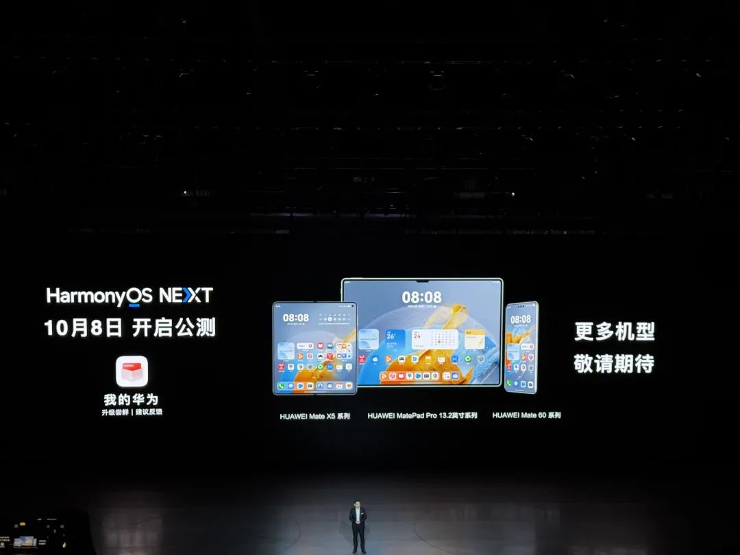 终于,在本场发布会中,余承东宣布 HarmonyOS NEXT 将于 10 月 8 日正式开启公测,首批公测机型包括华为Mate 60 系列、Mate X5 系列和 MatePad Pro 13.2 系列。用户可通过“我的华为”APP-“升级尝鲜”申请升级
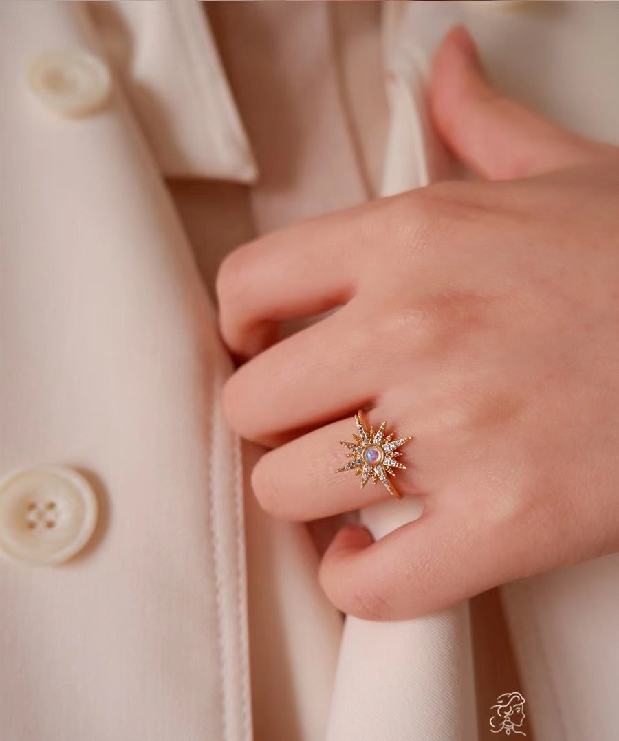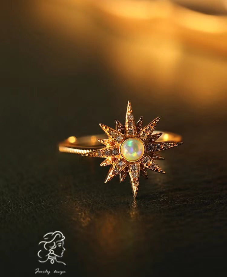 Adjustable Sun Rings for Women, Fidget Ring to My Daughter Ring, Starburst Ring, Natural Opal Ring, Sun gold ring, You are My Sunshine Ring
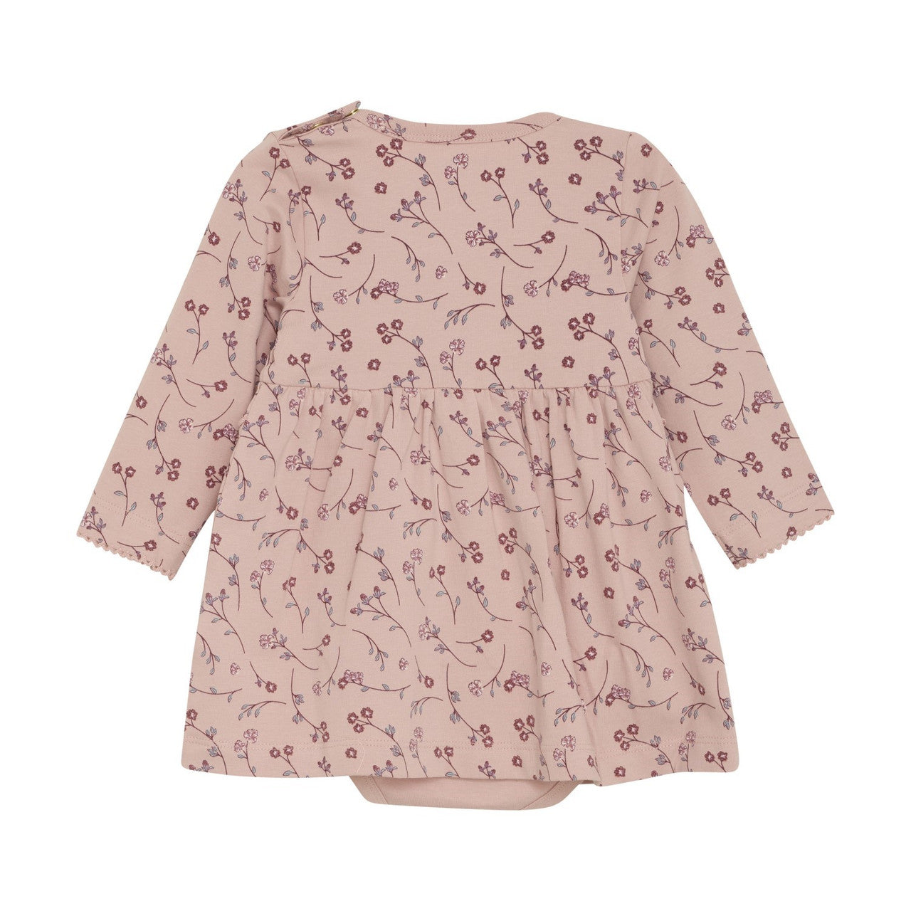 This Minymo long-sleeve dress features a charming all-over print and delicate frills at the waist, delivering a graceful and fashionable outfit for girls.
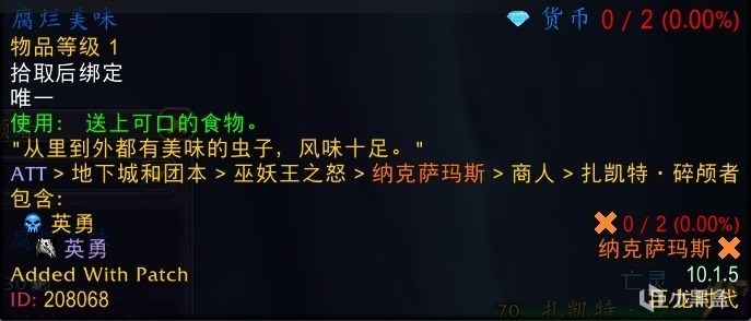我们救出的那个地精不止出售装备材料,还可以在他那里用30个【死神的筹码】换取一枚【腐烂美味】。

→ Required work:
Pictures are not part of the copy. Reproduce the lines from the one with "Adjustable Sun Rings" through the end of the listing above.

→ Response to this exercise:
 Adjustable Sun Rings for Women, Fidget Ring to My Daughter Ring, Starburst Ring, Natural Opal Ring, Sun gold ring, You are My Sunshine Ring
 This Minymo long-sleeve dress features a charming all-over print and delicate frills at the waist, delivering a graceful and fashionable outfit for girls.
我们救出的那个地精不止出售装备材料,还可以在他那里用30个【死神的筹码】换取一枚【腐烂美味】。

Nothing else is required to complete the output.